* [Study material]:
Start of Block
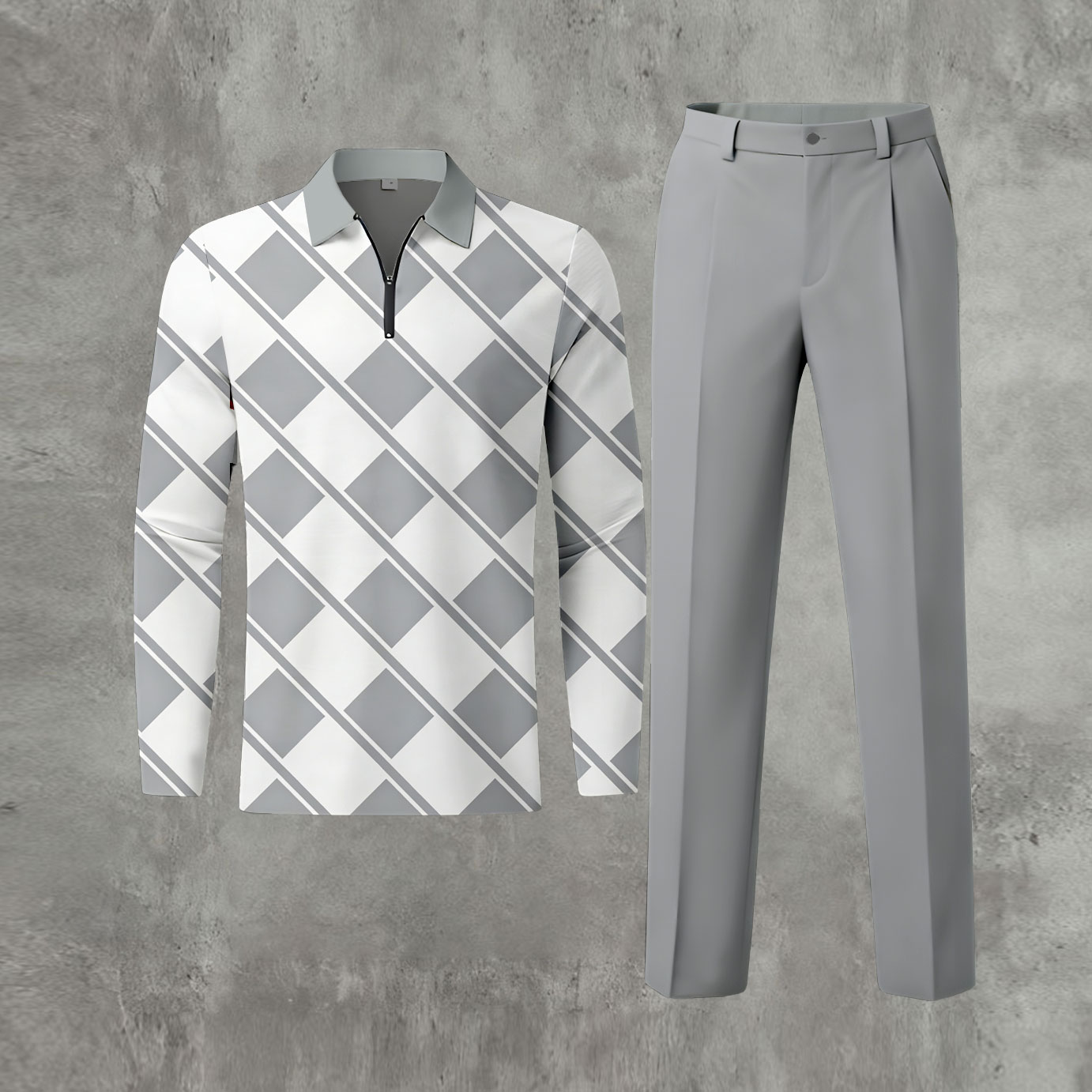 Men's Casual Gray & White Color Matching Checked Printed Polo-Collar Zipper Long Sleeved Trousers Two-Piece Set
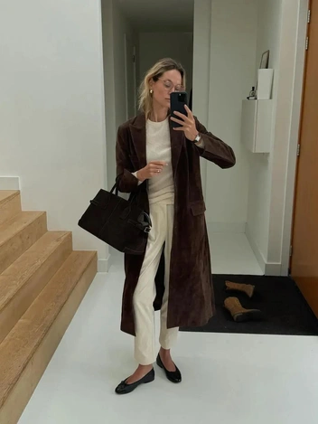 Самый простой и верный способ вписать замшу в свои зимние образы — сделать ставку на плащи, пальто и куртки. В этом году особенно актуальны изделия прямого кроя в самых теплых оттенках: от карамельного до глубокого шоколадного.
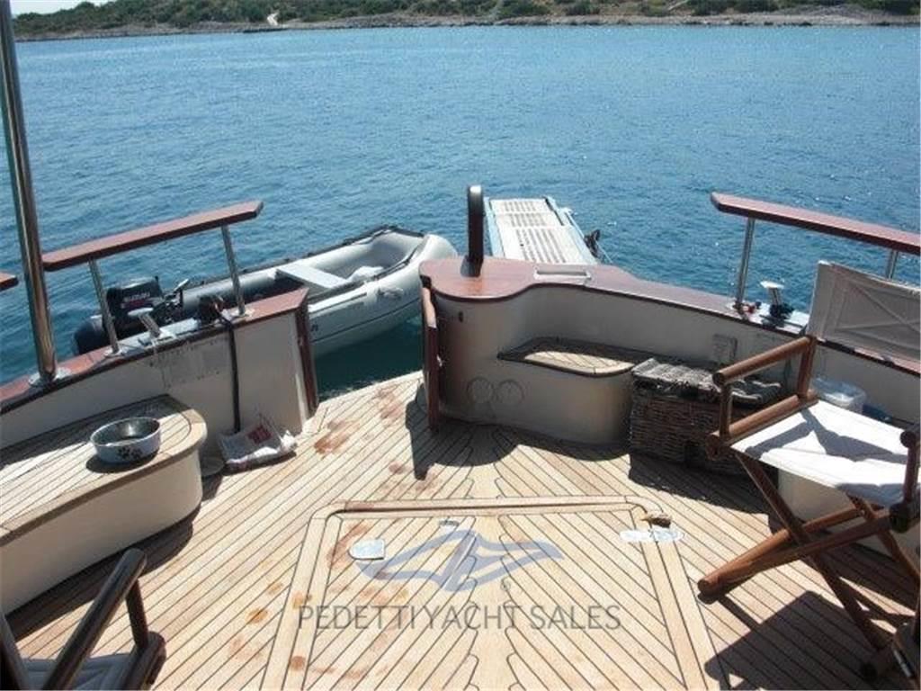 Notas internascucina atrezzata Notas de la instrumentacióngps radar plotter log eco pilota automatico tutto raymarine ,Notas de armamentoAllestimento tecnico e di coperta:Doccia esterna, Elica di prua - bow thruster, Pompa di sentina elettrica, Pompa di sentina manuale, Pozzetto Teak, Ripetitore strumentazione, Salpa Ancore Elettrico, Scaletta da bagno, Supporto motore fuoribordo, Tavolo pozzetto, Tender. Dotazioni domestiche di bordo: WC marino elettrico. Dotazioni di sicurezza: Riflettore Radar, Zattera di salvataggio. Intrattenimento: DVD, Impianto TV, Radio AM/FM, Stereo. Cucina ed elettrodomestici: Congelatore, Frigorifero interno, Microonde. Tappezzerie: Cuscineria Pozzetto. |
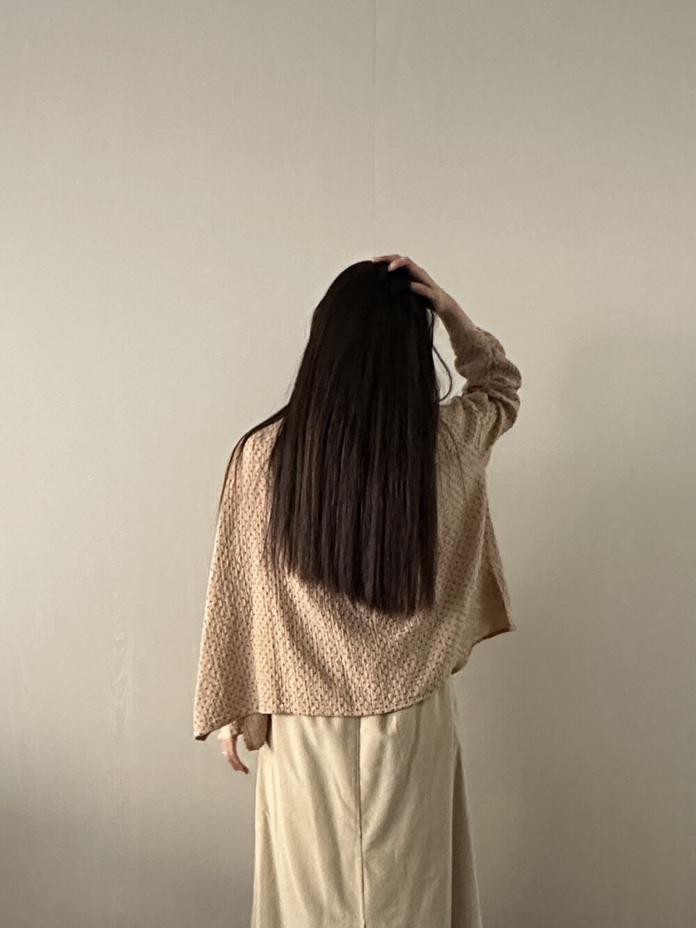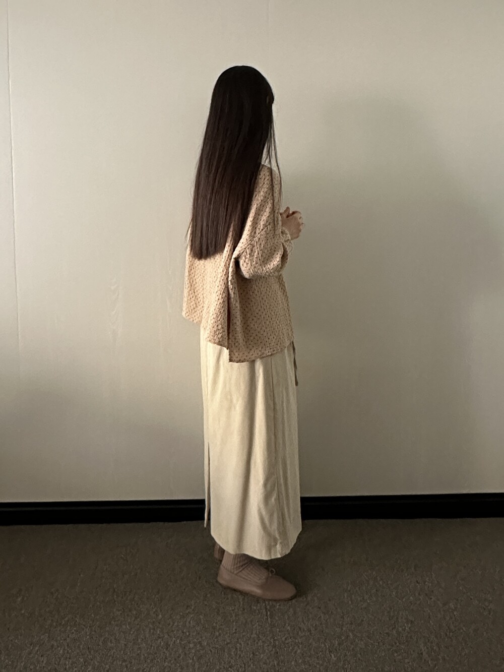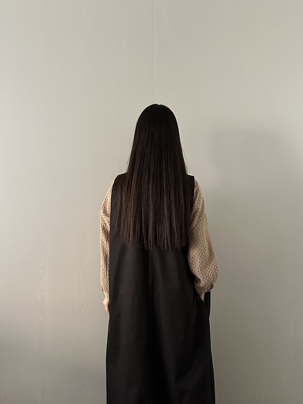 입었을 때 어깨선이 앞으로 내려오면서 자연스럽게 앞뒤 기장 차이가 생겨 아방한 무드가 생깁니다.
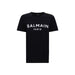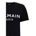 Cotton T-Shirt by Balmain, ribbed crew neck, iconic brand monogram printed in contrast on the front, monochrome pattern, iconic brand embossed buttons applied on the left shoulder, regular fit.
End of Block
* [Try it]: Beginning with the line that holds "입었을 때 어깨선이 앞으로", write out exactly the lines down to the end of the material above, and no others. Pictures are not part of the copy.

* [Answer for the task]:
 입었을 때 어깨선이 앞으로 내려오면서 자연스럽게 앞뒤 기장 차이가 생겨 아방한 무드가 생깁니다.
 Cotton T-Shirt by Balmain, ribbed crew neck, iconic brand monogram printed in contrast on the front, monochrome pattern, iconic brand embossed buttons applied on the left shoulder, regular fit.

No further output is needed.